応用情報技術者 2018年 春期 午前2 問08
問題文
再帰的な処理を実現するためには、再帰的に呼び出したときのレジスタ及びメモリの内容を保存しておく必要がある。そのための記憶管理方式はどれか。
選択肢
ア:FIFO
イ:LFU
ウ:LIFO(正解)
エ:LRU
再帰的処理の記憶管理方式【午前2 解説】
要点まとめ
- 結論:再帰処理では呼び出し元の状態を後で復元するため、LIFO方式の記憶管理が必要です。
- 根拠:再帰呼び出しは入れ子構造で、最後に呼び出した処理から順に戻るため、後入れ先出しの管理が適しています。
- 差がつくポイント:FIFOやLRUは順序管理の目的が異なり、再帰処理の状態保存には不向きである点を理解しましょう。
正解の理由
再帰処理では、関数が自分自身を呼び出すたびに現在の処理状態(レジスタやメモリの内容)を保存し、処理が終わったら直前の状態に戻す必要があります。この保存と復元の順序は「最後に保存したものから先に復元する」必要があり、これはLIFO(Last In First Out)方式で管理されます。したがって、正解はウ: LIFOです。
よくある誤解
FIFOは先入れ先出しでキューの管理に使われ、再帰の戻り順序とは逆です。LRUやLFUはキャッシュ置換アルゴリズムであり、再帰処理の状態管理とは目的が異なります。
解法ステップ
- 再帰処理の特徴を理解する(関数が自分自身を呼び出す)。
- 呼び出しごとに状態を保存し、戻るときに復元する必要があることを確認。
- 保存・復元の順序が「最後に保存したものから先に復元」であることを認識。
- LIFO方式がこの順序管理に該当することを判断。
- 選択肢の意味を整理し、LIFOを選択する。
選択肢別の誤答解説
- ア: FIFO(先入れ先出し)はキューの管理方式で、再帰の戻り順序と合わず不適切です。

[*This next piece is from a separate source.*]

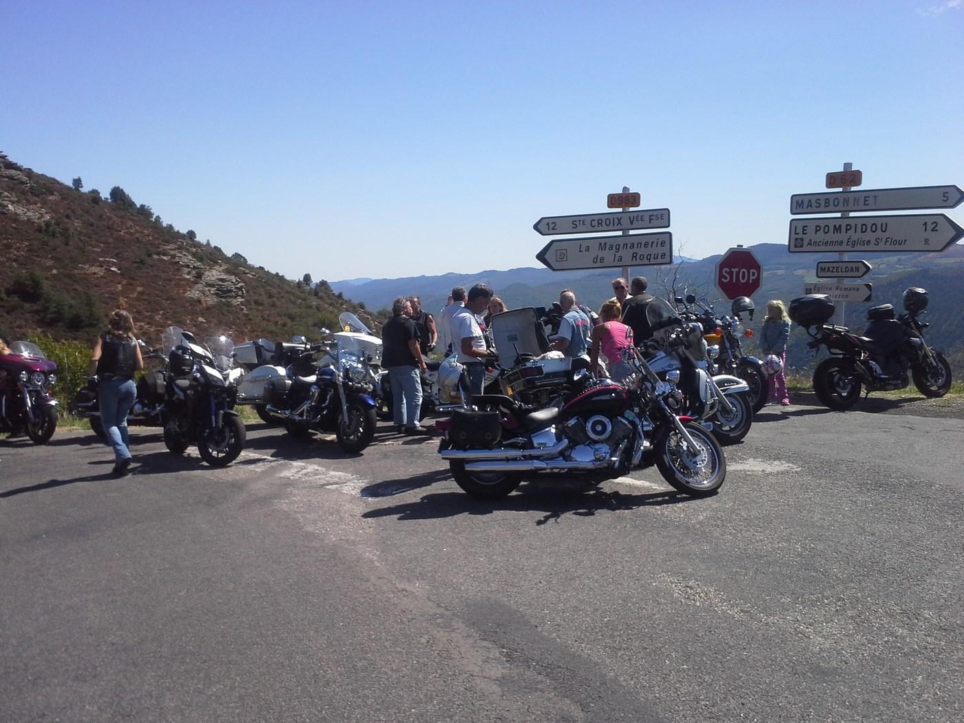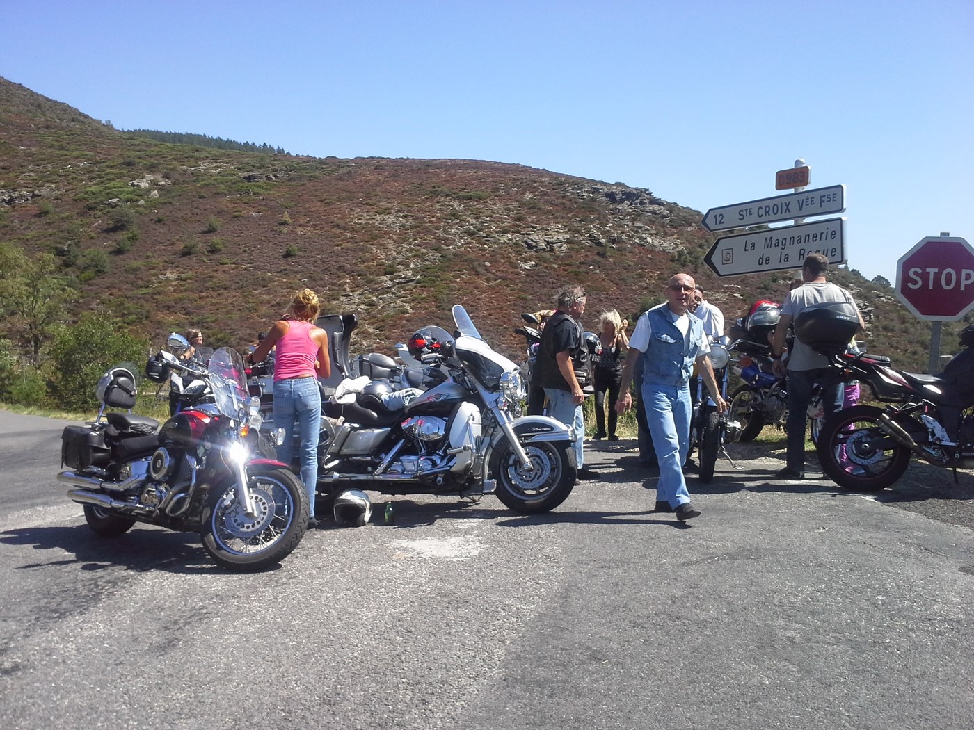 Après le repas direction la corniche des Cévennes et des routes superbes (petites dès fois) mais on a pu se régaler des enfilades de virages. Dommage nous avons été contraints de rouler moins vite que les roasters ou sporstives. Tant pis on les a attendus.

- イ: LFU(Least Frequently Used)はキャッシュの置換アルゴリズムで、再帰処理の状態管理とは無関係です。
- ウ: LIFO(最後に入れたものを最初に出す)は再帰処理の状態保存に最適な方式で正解です。
- エ: LRU(Least Recently Used)もキャッシュ置換アルゴリズムであり、再帰処理の管理には使いません。
補足コラム
再帰処理の実装では「コールスタック」と呼ばれるスタック領域が使われます。スタックはLIFO構造で、関数の呼び出しごとに戻り先や局所変数を保存し、処理終了時に復元します。これにより、複雑な入れ子の呼び出しも正しく処理できます。
FAQ
Q: なぜFIFOでは再帰処理の状態管理ができないのですか?
A: FIFOは先に保存した状態から順に復元するため、再帰の戻り順序(最後に呼び出したものから戻る)と逆になり不適切です。
A: FIFOは先に保存した状態から順に復元するため、再帰の戻り順序(最後に呼び出したものから戻る)と逆になり不適切です。
Q: LRUやLFUはどのような場面で使われますか?
A: LRUやLFUは主にキャッシュメモリの置換アルゴリズムで、使用頻度や最近使われたかどうかでデータを管理します。
A: LRUやLFUは主にキャッシュメモリの置換アルゴリズムで、使用頻度や最近使われたかどうかでデータを管理します。